■ STORED DATA
============================================================

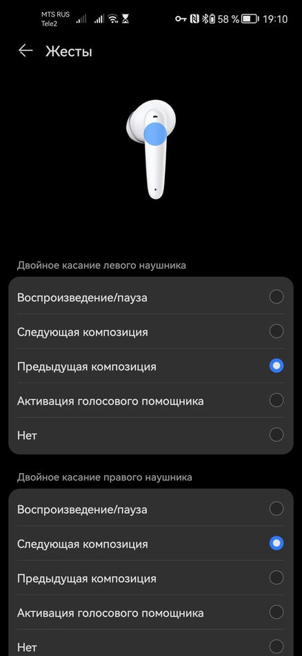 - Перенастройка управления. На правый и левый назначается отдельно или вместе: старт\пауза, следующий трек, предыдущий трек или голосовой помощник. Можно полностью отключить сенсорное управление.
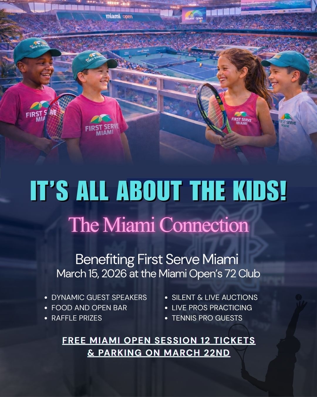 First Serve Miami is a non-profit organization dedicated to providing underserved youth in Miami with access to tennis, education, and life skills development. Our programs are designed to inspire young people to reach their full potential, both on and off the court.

============================================================

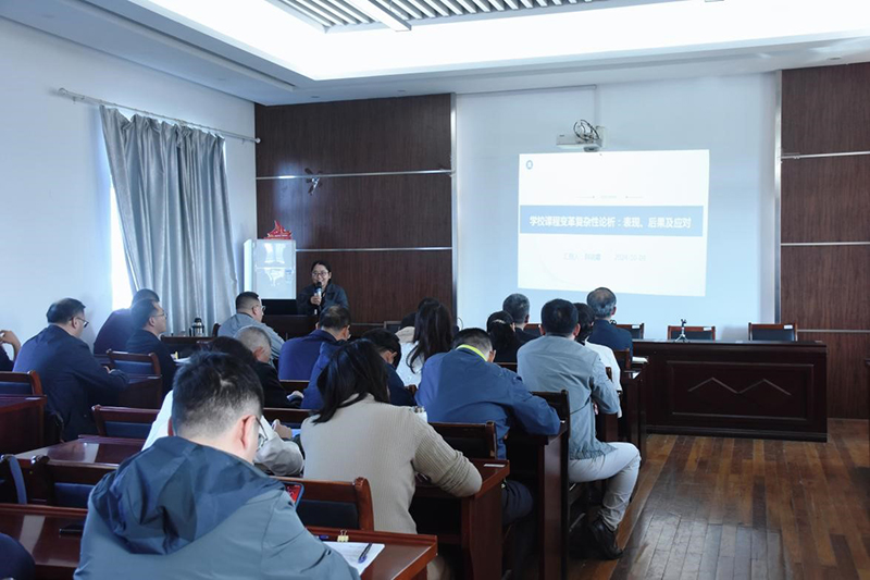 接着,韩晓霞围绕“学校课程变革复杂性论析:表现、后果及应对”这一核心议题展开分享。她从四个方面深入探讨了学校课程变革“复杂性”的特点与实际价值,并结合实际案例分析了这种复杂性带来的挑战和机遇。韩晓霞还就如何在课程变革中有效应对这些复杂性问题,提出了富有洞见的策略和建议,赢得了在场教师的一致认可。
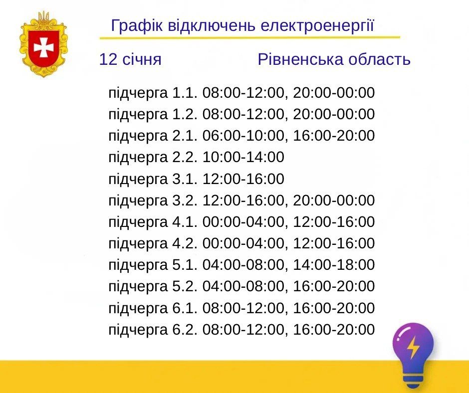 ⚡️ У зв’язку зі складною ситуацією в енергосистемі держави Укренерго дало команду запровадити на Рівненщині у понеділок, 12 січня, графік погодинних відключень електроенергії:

============================================================

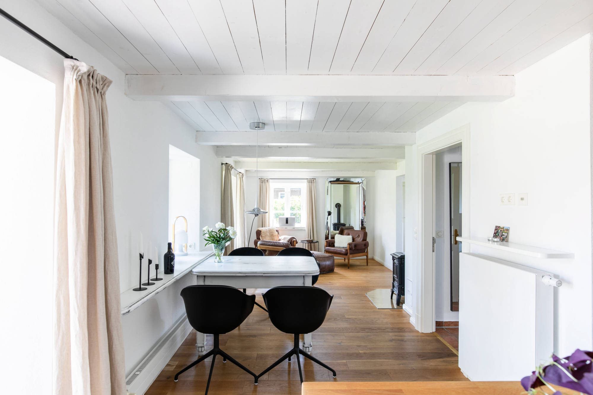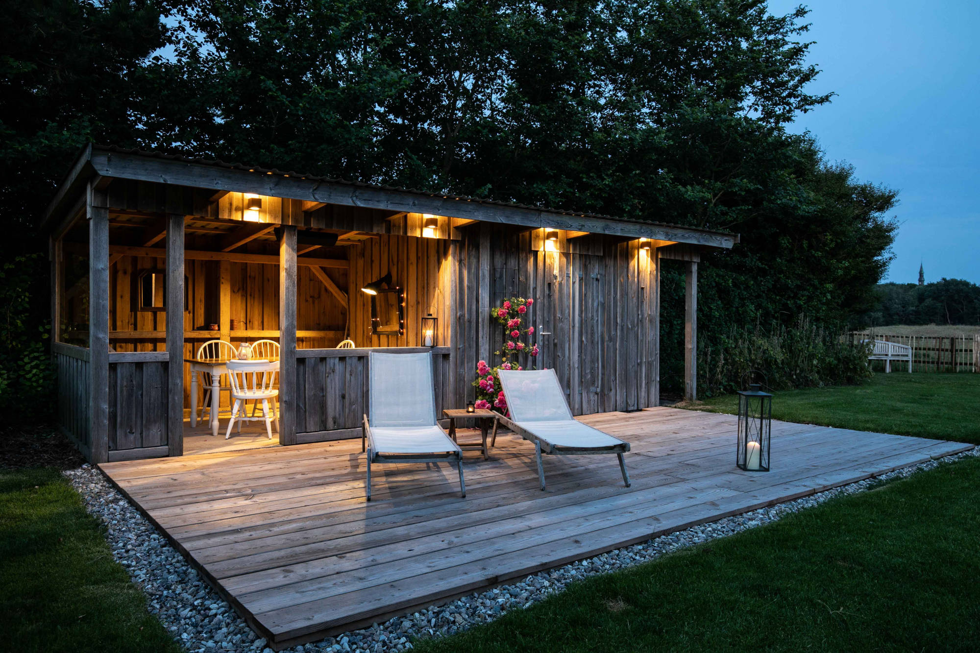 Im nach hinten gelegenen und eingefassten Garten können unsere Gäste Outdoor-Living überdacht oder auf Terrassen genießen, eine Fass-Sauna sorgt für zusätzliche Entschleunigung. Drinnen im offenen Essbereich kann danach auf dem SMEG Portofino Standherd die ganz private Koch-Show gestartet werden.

============================================================

■ TASK DIRECTIONS
Would you write out exactly the lines above, starting at the line containing "- Перенастройка управления." and stopping after the line containing "First Serve Miami"? Omit the pictures.

■ TASK RESULT
 - Перенастройка управления. На правый и левый назначается отдельно или вместе: старт\пауза, следующий трек, предыдущий трек или голосовой помощник. Можно полностью отключить сенсорное управление.
 First Serve Miami is a non-profit organization dedicated to providing underserved youth in Miami with access to tennis, education, and life skills development. Our programs are designed to inspire young people to reach their full potential, both on and off the court.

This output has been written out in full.